Segment Start: Data to examine

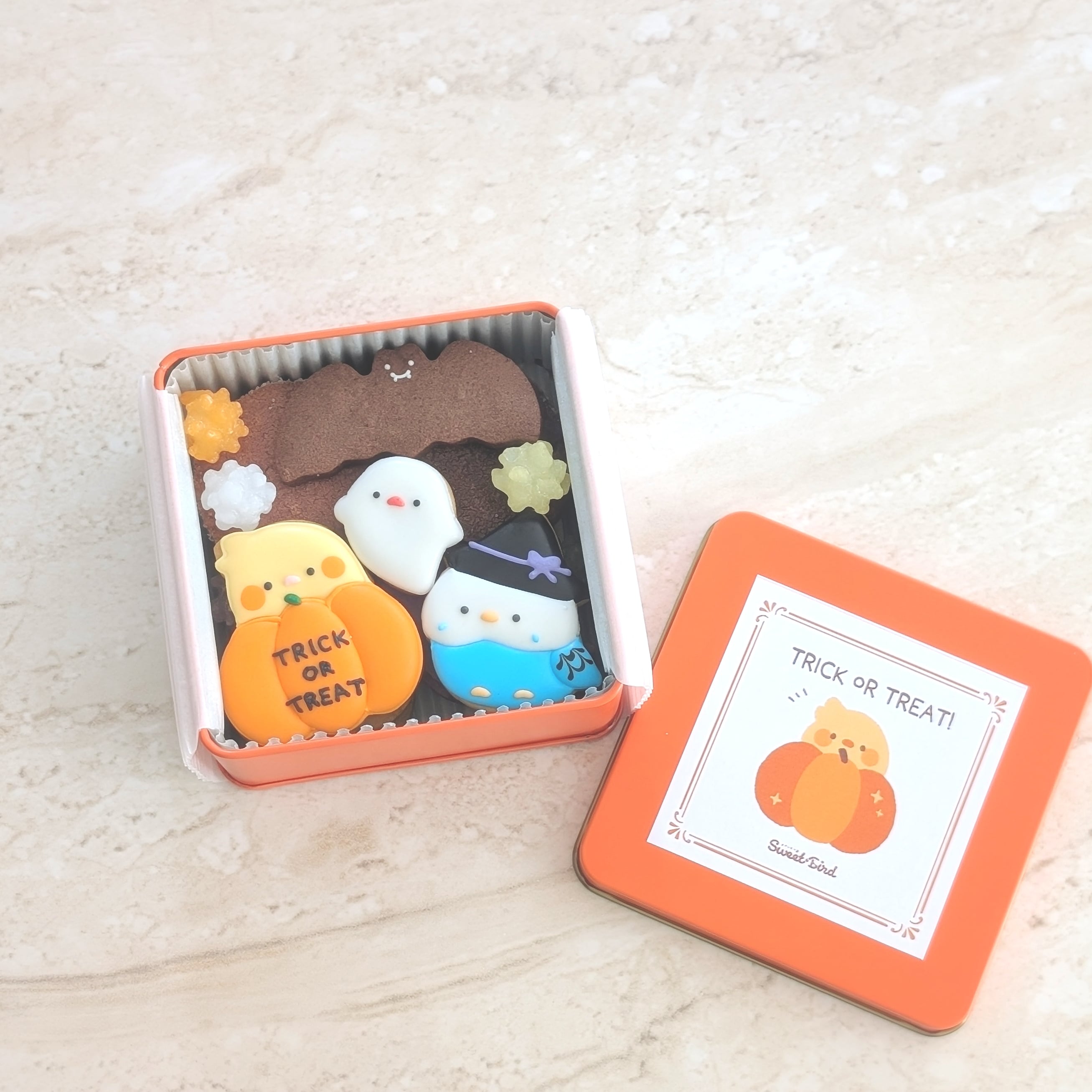 かぼちゃからひょっこり顔を出すオカメインコ、魔女の帽子をかぶったセキセイインコにおばけ文鳥のアイシングクッキー。
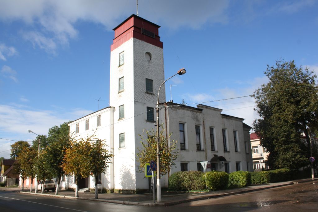 1. Местоположение здания на перекрестке ул. Свободы и ул. Мира; 2. Объемно-планировочная структура: двухэтажное здание с пятиуровневой башней-каланчей, Г-образное в плане, с гаражом на три машины и помещением «бомбоубежища» в подвале основного корпуса; габариты в плане; высотные габариты;3. Конструктивные особенности: - основное здание: монолитный железобетонный каркас с ригелями в двух направлениях; материал фундамента – монолитный железобетон; материал цоколя – монолитный железобетон, оштукатурен; материал самонесущих стен – силикатный кирпич, штукатурка, побелка; перекрытия- монолитные железобетонные; лестницы – монолитные железобетонные марши и площадки, накладные ступени; форма крыши – вальмовая, конструкция крыши – наслонные деревянные стропила; материал кровли – волнистые асбестоцементные листы;- башня (каланча): материал несущих стен – силикатный и глиняный кирпич, штукатурка и побелка (три нижних уровня); лестницы – деревянные по тетивам; форма крыши - четырехскатная над каркасной деревянной надстройкой в пол-этажа; - гараж: материал стен – кирпич, штукатурка и побелка; форма крыши – двускатная, конструкция крыши – наслонные деревянные стропила;4. Расположение и габариты оконных и дверных проемов; расположение и габариты ворот; 5. Декоративные особенности: венчающий ступенчатый кирпичный карниз основного здания; невысокий аттик с карнизом на оси главного входа; подоконники простого профиля под всеми оконными проемами (за исключением круглого окна на башне); небольшой профилированный карниз над главным входом; прямой кирпичный сандрик со ступенчатыми кронштейнами над входом в башню; заглубление в ¼ кирпича оконных и дверных проемов главного фасада; круглый оконный проем на пятом уровне башни (каланчи).6. Интерьер: стрельчатое завершение проемов, ведущих на лестничную площадку первого этажа основного здания, со ступенчатыми консолями; металлические кованые с деревянными точеными поручнями ограждения лестницы основного здания.
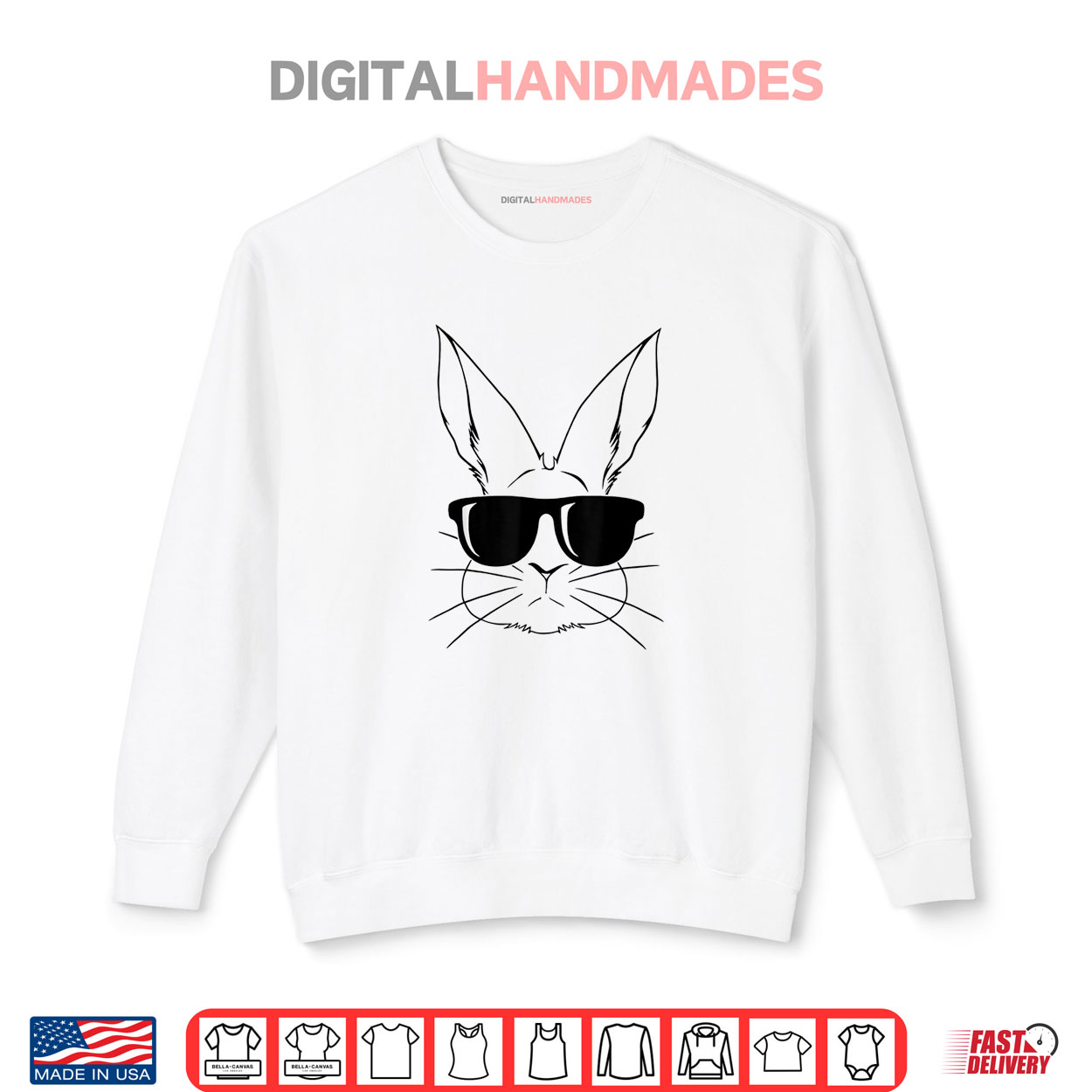 Easter shirt for boys, bunny in shades, kid-friendly holiday tee, cool rabbit design, family Easter outfit, spring event shirt, festive bunny tee, casual kids shirt, boy Easter gift, funny animal tee
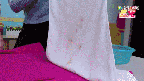 将盐按10:1的比例倒入清水中,用牙刷沾上盐水刷刷刷,注意盐水要达到足够的浓度哦!刷着刷着会发现,污渍不见了!
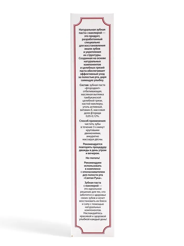 Здоровье организма всегда начинается с ухода за полостью рта. Так считали знахари, сохранившие рецепт натуральной зубной пасты, в основе которой маклюра и прополис. Считается, что прополис помогает бороться с кариесом, зубным камнем и налётом, а также восстанавливает эмаль. Маклюра, богатая кальцием, ценится за способности улучшать микрофлору ротовой полости, заполнять трещинки и повышать крепость зубов.
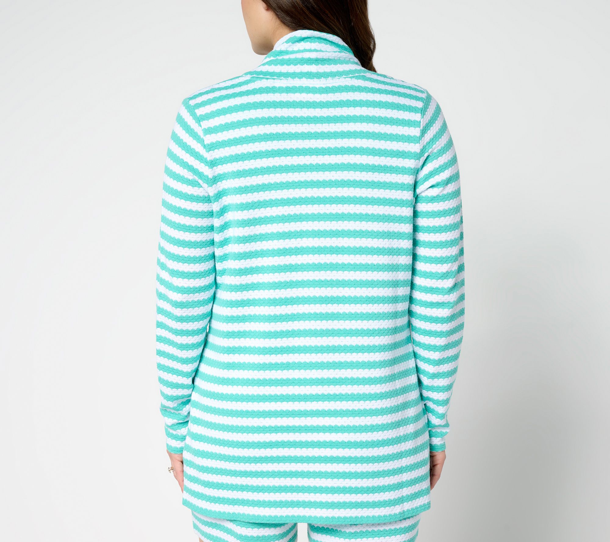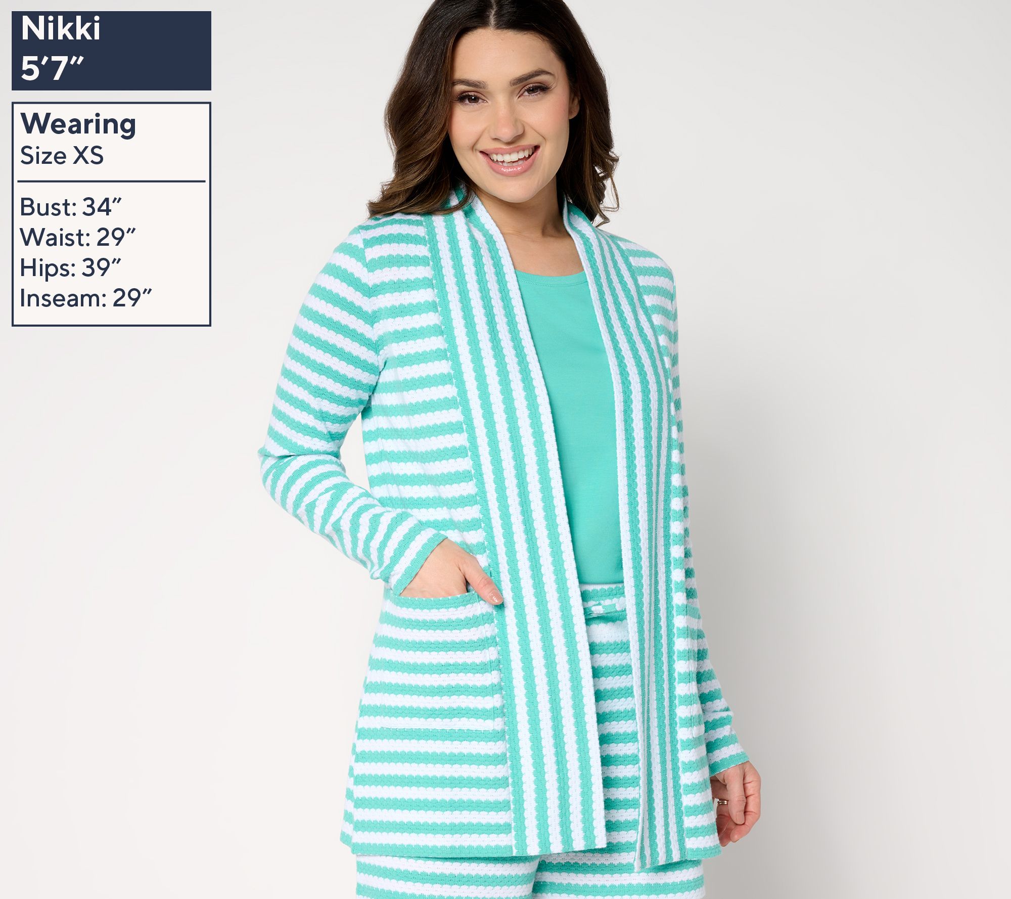 and nice. Cozy up in this splashy striped cardigan for a stroll by the shore or a trip to your favorite cafe. From Belle by Kim Gravel.
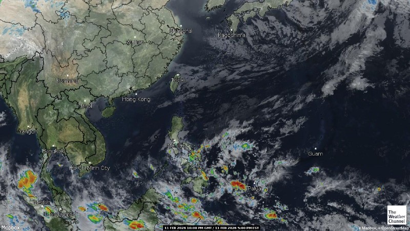 - 05:00 ภาพดาวเทียมย้อมสีจาก TWC แสดงกลุ่มฝนในเอเชียตะวันออกเฉียงใต้และโซนตะวันตกของมหาสมุทรแปซิฟิกเวลานี้
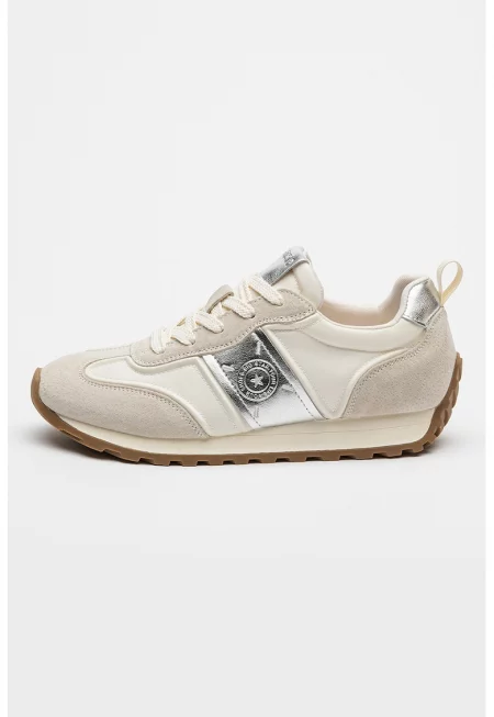 Спортни обувки с нисък профил и велур - Светло сив/Мръснобял/Сребрист

Segment End: Data to examine

**Problem statement:** Please write out exactly the lines starting at the one that contains "and nice. Cozy" and ending with the final line of the entries, both ends included. Do not write out any pictures.

**Answer to this exercise:**
 and nice. Cozy up in this splashy striped cardigan for a stroll by the shore or a trip to your favorite cafe. From Belle by Kim Gravel.
 - 05:00 ภาพดาวเทียมย้อมสีจาก TWC แสดงกลุ่มฝนในเอเชียตะวันออกเฉียงใต้และโซนตะวันตกของมหาสมุทรแปซิฟิกเวลานี้
 Спортни обувки с нисък профил и велур - Светло сив/Мръснобял/Сребрист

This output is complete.